[Dataset excerpts]
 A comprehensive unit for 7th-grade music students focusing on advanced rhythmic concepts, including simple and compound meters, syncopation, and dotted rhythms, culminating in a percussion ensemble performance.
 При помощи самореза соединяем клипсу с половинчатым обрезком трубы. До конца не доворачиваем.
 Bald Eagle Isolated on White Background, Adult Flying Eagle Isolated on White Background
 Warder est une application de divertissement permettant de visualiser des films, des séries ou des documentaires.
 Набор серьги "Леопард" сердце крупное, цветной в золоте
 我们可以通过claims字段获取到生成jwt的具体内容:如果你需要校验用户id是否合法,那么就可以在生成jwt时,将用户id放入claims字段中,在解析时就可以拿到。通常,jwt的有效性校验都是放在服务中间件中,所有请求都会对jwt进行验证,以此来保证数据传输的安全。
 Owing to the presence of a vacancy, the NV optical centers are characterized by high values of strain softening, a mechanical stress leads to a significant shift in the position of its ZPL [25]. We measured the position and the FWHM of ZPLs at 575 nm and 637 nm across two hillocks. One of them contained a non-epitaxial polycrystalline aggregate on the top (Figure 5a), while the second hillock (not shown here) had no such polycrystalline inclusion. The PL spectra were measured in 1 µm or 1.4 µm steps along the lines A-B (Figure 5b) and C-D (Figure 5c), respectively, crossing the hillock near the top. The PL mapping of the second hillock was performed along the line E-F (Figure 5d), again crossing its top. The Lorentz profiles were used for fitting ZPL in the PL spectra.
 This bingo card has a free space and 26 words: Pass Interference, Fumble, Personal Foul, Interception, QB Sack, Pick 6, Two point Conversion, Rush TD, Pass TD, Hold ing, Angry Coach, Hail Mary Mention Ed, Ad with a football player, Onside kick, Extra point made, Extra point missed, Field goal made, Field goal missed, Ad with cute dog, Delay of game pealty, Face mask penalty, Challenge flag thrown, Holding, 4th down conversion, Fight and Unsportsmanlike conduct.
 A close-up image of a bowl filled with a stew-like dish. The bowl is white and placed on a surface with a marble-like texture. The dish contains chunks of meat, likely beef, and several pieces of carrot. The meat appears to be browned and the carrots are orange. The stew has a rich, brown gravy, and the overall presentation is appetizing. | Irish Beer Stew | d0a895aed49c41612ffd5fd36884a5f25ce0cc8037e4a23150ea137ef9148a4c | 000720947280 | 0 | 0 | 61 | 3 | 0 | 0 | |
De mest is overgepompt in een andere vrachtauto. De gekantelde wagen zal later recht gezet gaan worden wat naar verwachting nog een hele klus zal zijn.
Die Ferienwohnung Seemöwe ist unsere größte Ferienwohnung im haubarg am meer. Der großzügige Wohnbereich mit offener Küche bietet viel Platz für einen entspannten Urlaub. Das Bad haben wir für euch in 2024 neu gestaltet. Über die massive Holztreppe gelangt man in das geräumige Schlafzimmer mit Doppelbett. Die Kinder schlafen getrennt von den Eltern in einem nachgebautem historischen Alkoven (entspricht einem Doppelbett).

**WHAT YOU NEED TO DO:** Line by line, transcribe the data exactly.

**EXERCISE RESPONSE:**
 A comprehensive unit for 7th-grade music students focusing on advanced rhythmic concepts, including simple and compound meters, syncopation, and dotted rhythms, culminating in a percussion ensemble performance.
 При помощи самореза соединяем клипсу с половинчатым обрезком трубы. До конца не доворачиваем.
 Bald Eagle Isolated on White Background, Adult Flying Eagle Isolated on White Background
 Warder est une application de divertissement permettant de visualiser des films, des séries ou des documentaires.
 Набор серьги "Леопард" сердце крупное, цветной в золоте
 我们可以通过claims字段获取到生成jwt的具体内容:如果你需要校验用户id是否合法,那么就可以在生成jwt时,将用户id放入claims字段中,在解析时就可以拿到。通常,jwt的有效性校验都是放在服务中间件中,所有请求都会对jwt进行验证,以此来保证数据传输的安全。
 Owing to the presence of a vacancy, the NV optical centers are characterized by high values of strain softening, a mechanical stress leads to a significant shift in the position of its ZPL [25]. We measured the position and the FWHM of ZPLs at 575 nm and 637 nm across two hillocks. One of them contained a non-epitaxial polycrystalline aggregate on the top (Figure 5a), while the second hillock (not shown here) had no such polycrystalline inclusion. The PL spectra were measured in 1 µm or 1.4 µm steps along the lines A-B (Figure 5b) and C-D (Figure 5c), respectively, crossing the hillock near the top. The PL mapping of the second hillock was performed along the line E-F (Figure 5d), again crossing its top. The Lorentz profiles were used for fitting ZPL in the PL spectra.
 This bingo card has a free space and 26 words: Pass Interference, Fumble, Personal Foul, Interception, QB Sack, Pick 6, Two point Conversion, Rush TD, Pass TD, Hold ing, Angry Coach, Hail Mary Mention Ed, Ad with a football player, Onside kick, Extra point made, Extra point missed, Field goal made, Field goal missed, Ad with cute dog, Delay of game pealty, Face mask penalty, Challenge flag thrown, Holding, 4th down conversion, Fight and Unsportsmanlike conduct.
 A close-up image of a bowl filled with a stew-like dish. The bowl is white and placed on a surface with a marble-like texture. The dish contains chunks of meat, likely beef, and several pieces of carrot. The meat appears to be browned and the carrots are orange. The stew has a rich, brown gravy, and the overall presentation is appetizing. | Irish Beer Stew | d0a895aed49c41612ffd5fd36884a5f25ce0cc8037e4a23150ea137ef9148a4c | 000720947280 | 0 | 0 | 61 | 3 | 0 | 0 | |
De mest is overgepompt in een andere vrachtauto. De gekantelde wagen zal later recht gezet gaan worden wat naar verwachting nog een hele klus zal zijn.
Die Ferienwohnung Seemöwe ist unsere größte Ferienwohnung im haubarg am meer. Der großzügige Wohnbereich mit offener Küche bietet viel Platz für einen entspannten Urlaub. Das Bad haben wir für euch in 2024 neu gestaltet. Über die massive Holztreppe gelangt man in das geräumige Schlafzimmer mit Doppelbett. Die Kinder schlafen getrennt von den Eltern in einem nachgebautem historischen Alkoven (entspricht einem Doppelbett).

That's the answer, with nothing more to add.